**Problem to work on**
Only one stretch of the data should be retyped: the lines from the line containing "<B>1896 S$1 MS66" through the line containing "サウジアラビアについて、アラ". Keep pictures out of it.

**Record excerpts**
———

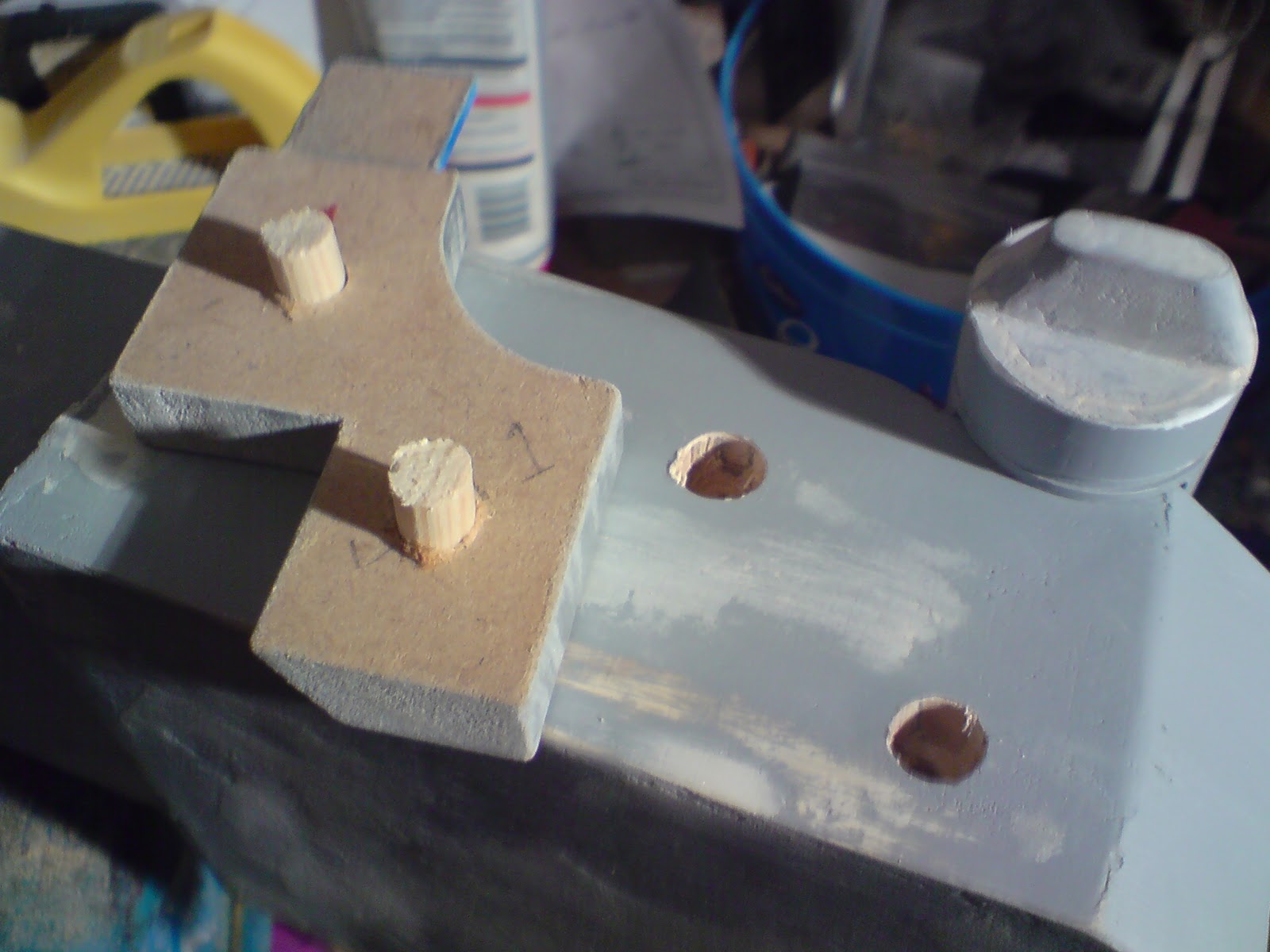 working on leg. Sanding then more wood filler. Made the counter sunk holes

———

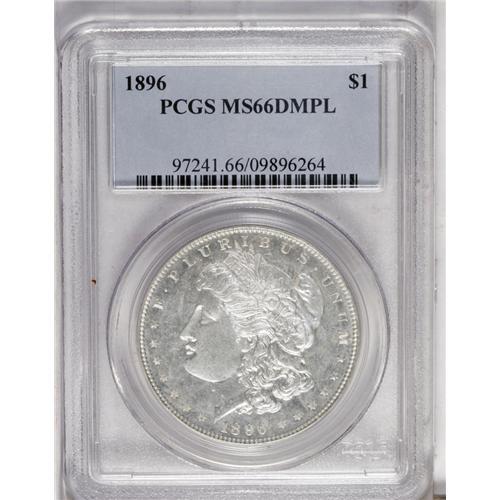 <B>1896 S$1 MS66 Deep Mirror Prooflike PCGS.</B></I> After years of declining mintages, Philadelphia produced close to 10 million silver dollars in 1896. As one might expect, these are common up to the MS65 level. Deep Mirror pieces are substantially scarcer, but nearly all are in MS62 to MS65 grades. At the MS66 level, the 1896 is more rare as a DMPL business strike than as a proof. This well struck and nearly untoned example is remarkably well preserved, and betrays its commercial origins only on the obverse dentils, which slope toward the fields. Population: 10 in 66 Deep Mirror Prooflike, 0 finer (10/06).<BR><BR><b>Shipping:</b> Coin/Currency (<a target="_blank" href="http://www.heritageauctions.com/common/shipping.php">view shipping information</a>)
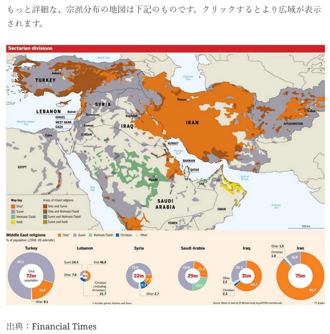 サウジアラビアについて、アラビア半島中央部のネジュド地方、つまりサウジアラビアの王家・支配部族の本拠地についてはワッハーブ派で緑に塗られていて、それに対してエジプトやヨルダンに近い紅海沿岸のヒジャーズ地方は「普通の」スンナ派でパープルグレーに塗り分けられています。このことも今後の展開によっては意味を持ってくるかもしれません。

———

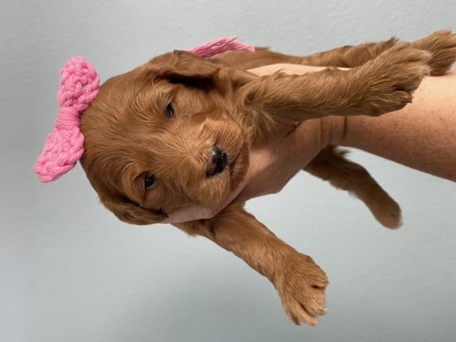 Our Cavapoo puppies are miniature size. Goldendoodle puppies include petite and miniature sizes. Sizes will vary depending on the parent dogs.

———

**Exercise solution**
 <B>1896 S$1 MS66 Deep Mirror Prooflike PCGS.</B></I> After years of declining mintages, Philadelphia produced close to 10 million silver dollars in 1896. As one might expect, these are common up to the MS65 level. Deep Mirror pieces are substantially scarcer, but nearly all are in MS62 to MS65 grades. At the MS66 level, the 1896 is more rare as a DMPL business strike than as a proof. This well struck and nearly untoned example is remarkably well preserved, and betrays its commercial origins only on the obverse dentils, which slope toward the fields. Population: 10 in 66 Deep Mirror Prooflike, 0 finer (10/06).<BR><BR><b>Shipping:</b> Coin/Currency (<a target="_blank" href="http://www.heritageauctions.com/common/shipping.php">view shipping information</a>)
 サウジアラビアについて、アラビア半島中央部のネジュド地方、つまりサウジアラビアの王家・支配部族の本拠地についてはワッハーブ派で緑に塗られていて、それに対してエジプトやヨルダンに近い紅海沿岸のヒジャーズ地方は「普通の」スンナ派でパープルグレーに塗り分けられています。このことも今後の展開によっては意味を持ってくるかもしれません。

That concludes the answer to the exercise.